WHAT THE TASK REQUIRES: Skipping all images, output the listing word for word.

RECORDED INFORMATION:
__________

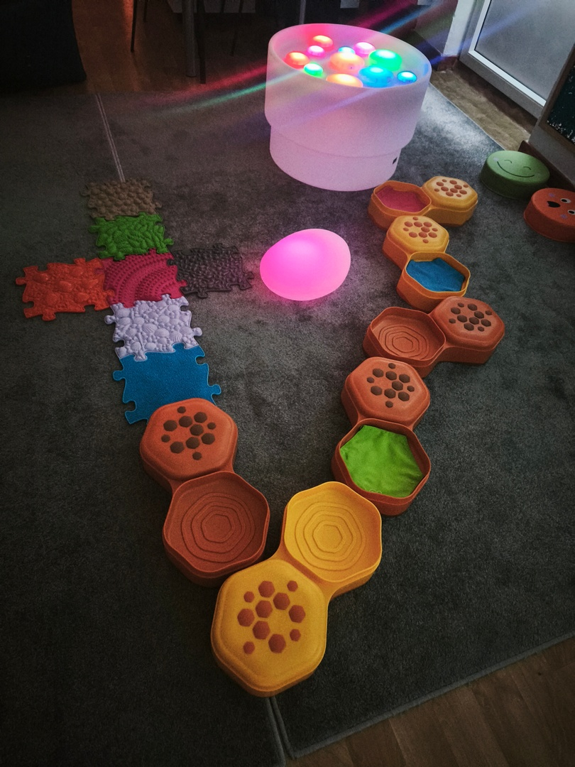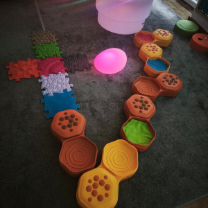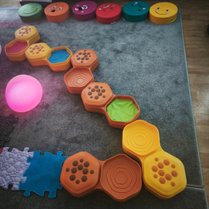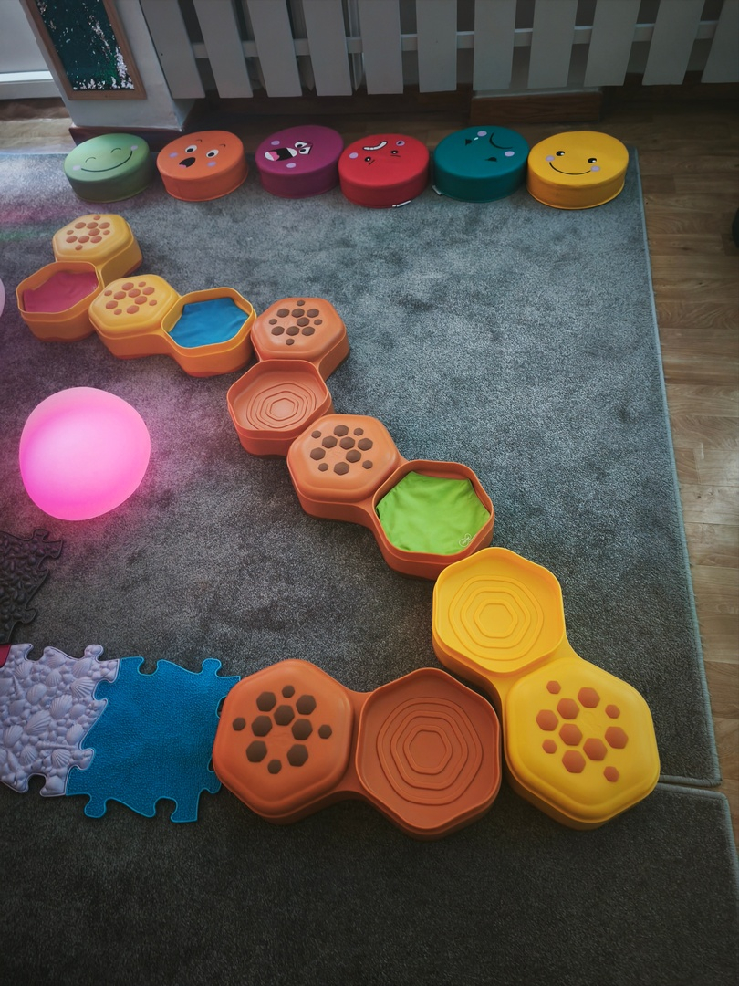 4. Strefa dotykowa i proprioceptywna. Kolorowe maty o różnych fakturach, sensoryczne ścieżki, płytki o zróżnicowanej strukturze oraz przedmioty do ściskania
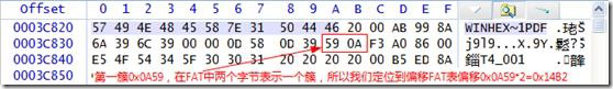 OK,Winhex教程.pdf的簇范围为:0xA59~0xB66 (2649 ~ 2918簇)
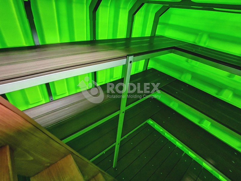 Внутреннее оснащение серии Modern: стальной каркас из трубы с порошковой окраской, полки и напольное покрытие из древесно-полимерного композита (ДПК) — не требуют покраски и обслуживания. Ширина полок до 450 мм. Деревянная лестница для удобного спуска. Люк размером 1200×700 мм обеспечивает свободный доступ внутрь.

__________

RESULT:
 4. Strefa dotykowa i proprioceptywna. Kolorowe maty o różnych fakturach, sensoryczne ścieżki, płytki o zróżnicowanej strukturze oraz przedmioty do ściskania
 OK,Winhex教程.pdf的簇范围为:0xA59~0xB66 (2649 ~ 2918簇)
 Внутреннее оснащение серии Modern: стальной каркас из трубы с порошковой окраской, полки и напольное покрытие из древесно-полимерного композита (ДПК) — не требуют покраски и обслуживания. Ширина полок до 450 мм. Деревянная лестница для удобного спуска. Люк размером 1200×700 мм обеспечивает свободный доступ внутрь.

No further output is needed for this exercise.